Wandering thoughts from a wandering mind.

EN | PT

An Attempt at Paint-by-Numbers - Part 1

Posted on November 03, 2024

At some point when you were fiddling around on Instagram (or maybe some other platform - not judging), I bet you were served a "Paint-by-Numbers" ad. Those are painting kits where you are given a black-and-white contour image with labeled numbers. You have to paint each number with a color, and at the end you have a fully colored painting that you did yourself (well, mostly).

Media targeting is pretty good nowadays, and of course I'm the kind of person to fall for it. On the other hand, for my own good, I also like to let things "cook" on a tab for a couple of days or weeks before making a purchase decision, so I don't buy anything emotionally. This saved me this time because, after two weeks, the website I opened (which seemed pretty legit) simply didn't exist anymore. Another one of those scams where you buy something and probably don't receive anything (or a brick).

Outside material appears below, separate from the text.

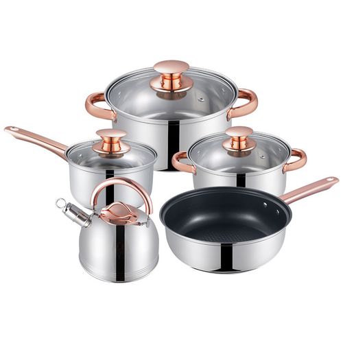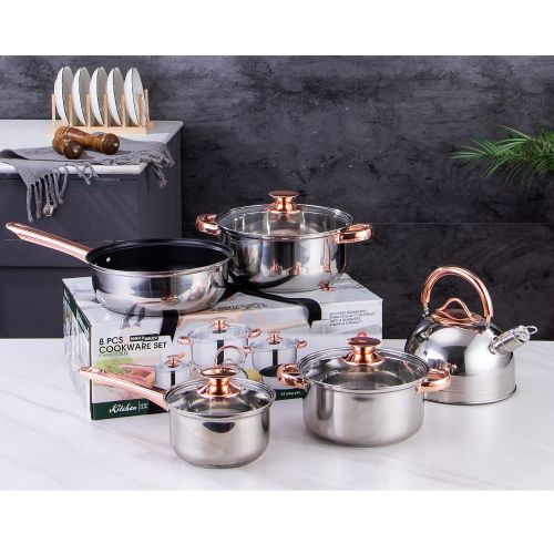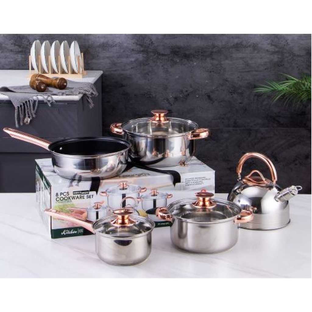 Key Features: 8 PC Stainless Steel Saucepans Cookware Pots With Kettle And Frying Pan Color: Silver Material: stainless steel. Cover material: heat-resistant glass. Number of items in a set: 8 Bottom type: 5-layer. Measurement scale: yes. Handles fastening method: riveted connection. Handle type: hollow. Lid with a steam outlet: yes. Metal polishing: mirror/satin. Dishwasher safe: yes.

Then I began asking myself: What if I could do it myself? I certainly didn't like most of the paintings I saw on those websites - maybe I could use my own pictures - and if I had something that worked, I could maybe even sell it and make it available for people who also want to create their own paint-by-numbers, with the additional benefit of not needing to spend a tedious amount of time making sure the websites are legit.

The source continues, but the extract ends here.